Search For Topics/Content
Help Me, Help You...
This form does not yet contain any fields.

    Misc. Stats Topics Discussion > Standardization of Scales and Comparing Means

    Hi, I have a question. If I have a measure of bullying and use SPSS to make 3 new sub-scales with each sub-scale has X number of item (questions) in each category, like this:

    Scale A (5 items) - ( each question scored on a 5 point likert scale )
    Scale B (3 items)
    Scale C (7 items)

    ...if I compute the average of verbal and get (M=14.92; SD=5.95)...this is telling me that in my sample of 51 people verbal abuse was reported to be the highest type of bullying...

    My question is, is there a way to make these mean scores easier to interpret like converting to percentage?

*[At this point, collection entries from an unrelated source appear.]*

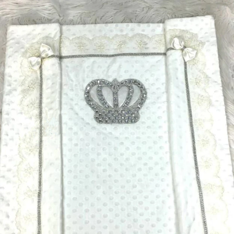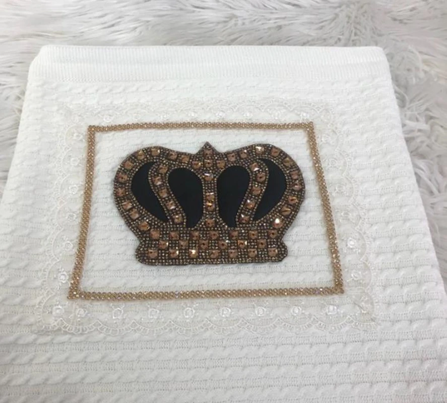 Il nostro set da 4 pezzi è realizzato in morbido cotone spesso.Sono impreziositi da bottoni in strass, gioielli con corona e fiocchi.
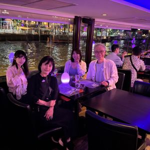 イギリス、日本、インドと多国籍で乗船、ディナーをブッフェ形式で食べて歌や踊りを楽しめます。メンバー構成によりますが老人向けの音楽で盛り上がりました。19時乗船でライトアップが綺麗でした。
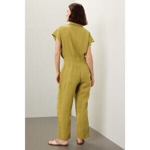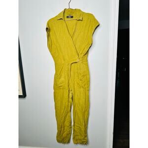 BLANKNYC Moss Green 100% Linen Cap Sleeve Collared Front Button Jumpsuit Size S
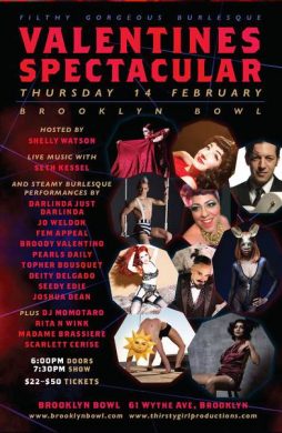 There are a staggering number of events of all stripes happening on Valentine’s Day, as show and party producers rush to appeal to the lovers, the lonely, and everyone in between. Some happenings are best enjoyed in a coupled sense, but others are fun for anyone. I wouldn’t say something called the Filthy Gorgeous Burlesque Valentine’s Spectacular is necessarily fun for the whole family, due to the large quantities of well, titties, but it’s an evening that can certainly be a good time for anyone regardless of relationship status. “Singing siren” Shelly Watson will welcome a stacked lineup that includes Jo “Boobs” Weldon, Darling Just Darlinda, and this year’s Miss Coney Island Pearls Daily, plus live rockabilly music.
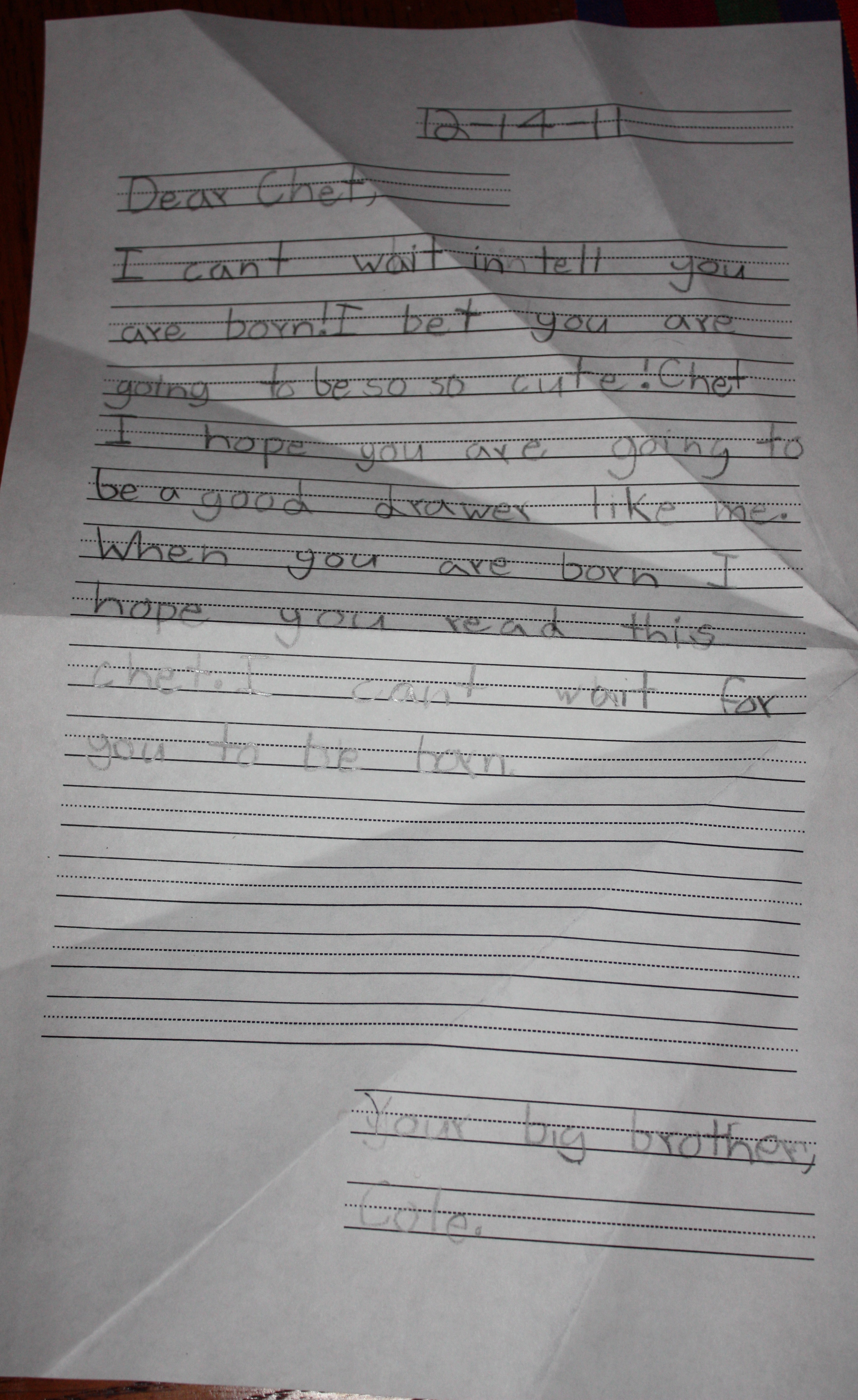 I cant wait in tell you are born! I bet you are going to be so so cute! Chet I hope you are going to be a good drawer like me. When you are born I hope you read this Chet. I cant wait for you to be born.
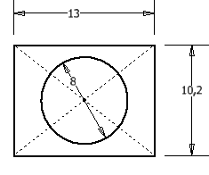 - Wir beginnen das Blech mit einer normalen 2D-Skizze auf der X-Z-Ebene. Als Grundform dient ein Rechteck mit den Maßen 13x10,2 mm und einem mittig angeordneten Kreis mit Durchmesser 8 mm:
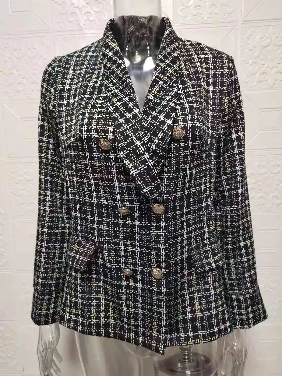 Skab et statement med Malene Stilfulde Ternet Blazer. Uanset om du skal til et møde eller nyder en aften ude, tilføjer denne blazer et strejf af elegance til ethvert look. Gå ikke glip af dette stilfulde must-have—bestil din i dag og redefiner din garderobe!
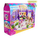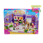 Test out the big range of riding accessories on offer at the Playmobil 9402 City Life Horse Track Shop with Wooden Horse. Browse through many horse grooming accessories and equestrian outfits. The shop features a wooden horse to try items out and a large mirror. Complete with 3 Playmobil figures and lots of accessories.
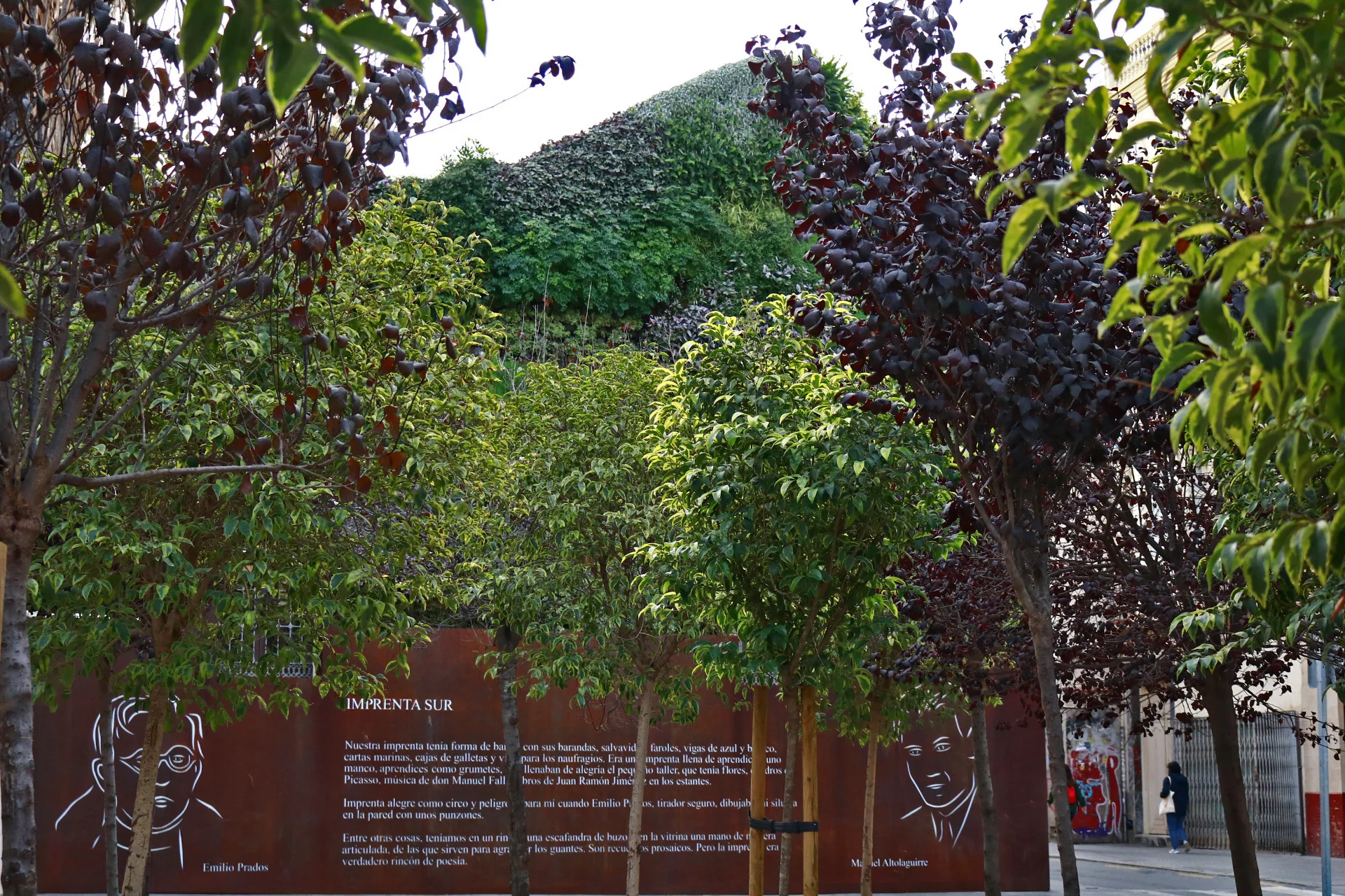 El proyecto cuenta también con un poema del malagueño Manuel Altolaguirre grabado en una placa de acero corten. Este elemento añade un toque romántico al espacio, creando una atmósfera única.
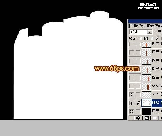 4、这一步来复制文字图层,选择文字图层,按住alt 键,然后再按住方向键的向下键不停复制,大致超出画布即可,然后这些复制的图层都合并为一个图层,只保留最上面一个文字图层不要合并,如下图。
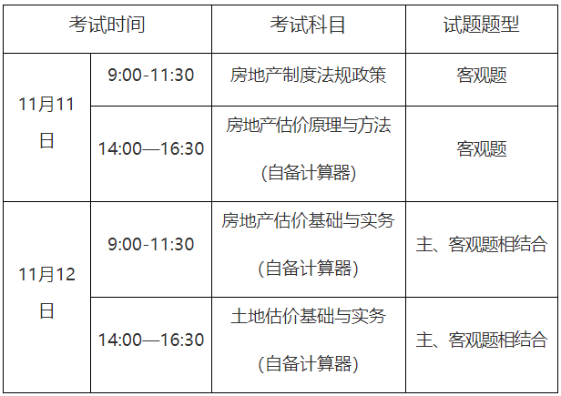 房地产估价师资格考试设《房地产制度法规政策》、《房地产估价原理与方法》、《房地产估价基础与实务》、《土地估价基础与实务》4个科目,所有考试科目均采用闭卷、纸笔考试。其中,《房地产制度法规政策》《房地产估价原理与方法》2个科目均为客观题,以填涂答题卡的方式作答;《房地产估价基础与实务》《土地估价基础与实务》2个科目为主客题相结合,以填涂答题卡和在答题纸上书写2种方式作答。
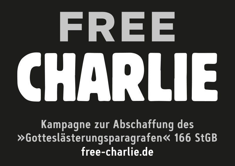 Dass es sich hier um eine groteske Umkehrung des »Täter-Opfer-Prinzips«: handelt, ist offensichtlich, denn selbstverständlich wird der öffentliche Friede nicht durch kritische Karikaturen oder Wortmeldungen gestört, sondern durch religiöse Fanatiker, die nicht hinnehmen wollen, dass ihr Gott kritisiert, lächerlich oder verhöhnt werden kann. Doch wir leben in einem Verfassungs- und keinen Gottes-Staat. Um diesen Punkt zu untermauern, wurde nun die »Free Charlie!«-Kampagne gestartet. Sie wirbt um Unterstützung bei ihrem Vorhaben, den Gotteslästerungs-Paragrafen zu kippen.

Should I divide the 14.92 by 5, where 5 is the number of points on the Likert scale so I have the average of each question and if so, how do i work out the SD?

    November 9, 2010 | Unregistered CommenterAnonymous

    Greetings and thank-you for your message!

    I'll be happy to help, if I am able. There are a few ways that you can compute descriptive statistics for your subscales that will make them comparable to each other (I assume that is what you mean by interpretable, but let me know if that assumptions is incorrect).

    1) You can indeed create a mean score per item, instead of using a sum score across the items.
    • to accomplish this you would simply use the "compute MEAN" function in SPSS (go to do data, compute, and find the "mean" function in the box on the lower right side of the dialogue box). Alternatively, you could use a syntax, such as this:

    COMPUTE VERBALTOT=MEAN(item1, item2, item3, item4, item 5).
    EXECUTE.

    **WITH THE "item#" VARIABLES OBVIOUSLY BEING REPLACED BY YOUR ITEM VARIABLE NAMES.

    2) The other option would be to use SPSS to create standardized scores (or z-scores). To do this, you would simply go to "Analyze"-> descriptives->(move over the items of the scale into the box on the right)-> check the "save standardized values as variables" box-> and click "OK". New variables should be created that are z-scores for your variables (scores for your variables that are on a common scale). Alternatively, you could use the following syntax:

    DESCRIPTIVES VARIABLES=scaleA scaleB scaleC
    /SAVE
    /STATISTICS=MEAN STDDEV MIN MAX.

    ***WITH THE "scale#" variables replaced by your scale variable names.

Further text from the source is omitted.